When the police approached the two, Black ran away, police gave chase, and detained him outside his home. A police bodycam video details the events, showing an officer smashing the driver-side window of a car in which Black was hiding, and then Tasing him.

The events included oral acknowledgment by one of the officers that Black was known to have mental-health issues. Though Black was unarmed, several police held him down as he struggled in an obvious panicked state.

Then he stopped moving. The officers called for an ambulance that carried him off to a hospital, where he was pronounced dead.

Fowler said the death was accidental, and in December Black's family filed suit, saying that he “covered up and obscured police responsibility for Anton Black's death."

Assessing Responsibility for Deaths in Police Custody

Maryland state data from 2013 to 2019 show that 30% of the deaths involving law officers that were investigated by Fowler's office found that they were “accidents," “undetermined," or “due to natural causes." Those conclusions were disputed in “at least two of those cases," where forensic investigators concluded that those deaths were really homicides, according to The Intercept. Meanwhile, forensic pathologist Dr. Judy Melinek told The Intercept that, in her opinion, the death of Anton Black “should have been called a homicide."

The difficulties of successfully suing police officers for use of excessive force are well known because of the protections they enjoy from “qualified immunity." This is a legal principle that provides police officers and other public officials legal protection from civil lawsuits unless they have clearly violated someone's statutory or constitutional rights.

That same protection applies to medical examiners, and that is precisely what the Maryland Attorney General's office claimed in a motion to dismiss the Black lawsuit against the state, Fowler, the current medical examiner, and the assistant medical examiner who performed the autopsy on Black. (Although the AG's office is defending Fowler and the others from the medical examiner's office, it is offering to coordinate an independent review of the deaths in police custody during Fowler's tenure.)

That motion stated that the AG's office has been unable to locate a single case “where a medical examiner's opinion on the cause or manner of death resulted in an individual's federal constitutional access to court rights being violated."

Are Relationships Between Medical Examiners and Cops Too Close?

So, if medical examiners are protected by immunity, does that mean they are immune from other influences – like, say, those of the police?

Justin Feldman, an assistant professor of epidemiology at New York University School of Medicine, emphatically says no. On the contrary, he argued in a Washington Post op/ed piece that medical examiners and police departments are far too close and that change is needed to separate them.

Feldman mentions a study that he and a group of other epidemiologists conducted matching police killings reported in the media with death certificate summaries. “We found that coroners and medical examiners throughout the United States routinely report findings that minimize the responsibility of the police," he wrote.

The study identified 71 people who died in police custody following Taser shocks, chokeholds, being transported in police vehicles, being denied water while in detention, and the like. In 47 of them, the cause of death was attributed to accidental injury, respiratory disease, or mental illness.
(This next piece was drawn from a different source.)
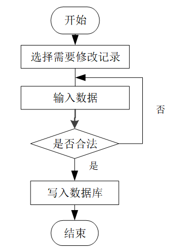 用户首先选择需要修改的记录,输入修改后的数据,系统判断输入数据是否合法。若数据不合法,提示重新输入;若数据合法,则将修改后的数据写入数据库,完成操作后流程结束。修改信息流程图如图3-7所示。

There is also evidence that law-enforcement agencies pressure medical examiners to minimize police culpability.

So, Now What?

Is Fowler one of them? Maybe the new investigation in Maryland will shed some light and maybe so too will the Black family's lawsuit.

But as Feldman points out, what we really need is a system where we are better able to take medical examiners at their word.

“Medical examiners and coroners' findings serve as important evidence in legal proceedings against police officers who kill civilians, and their reporting on death certificates can help researchers track patterns of police violence across the United States," he wrote. “If we want the truth about the deaths of Floyd and other people like him, we have to make sure that death investigators are free to seek it out and speak it publicly."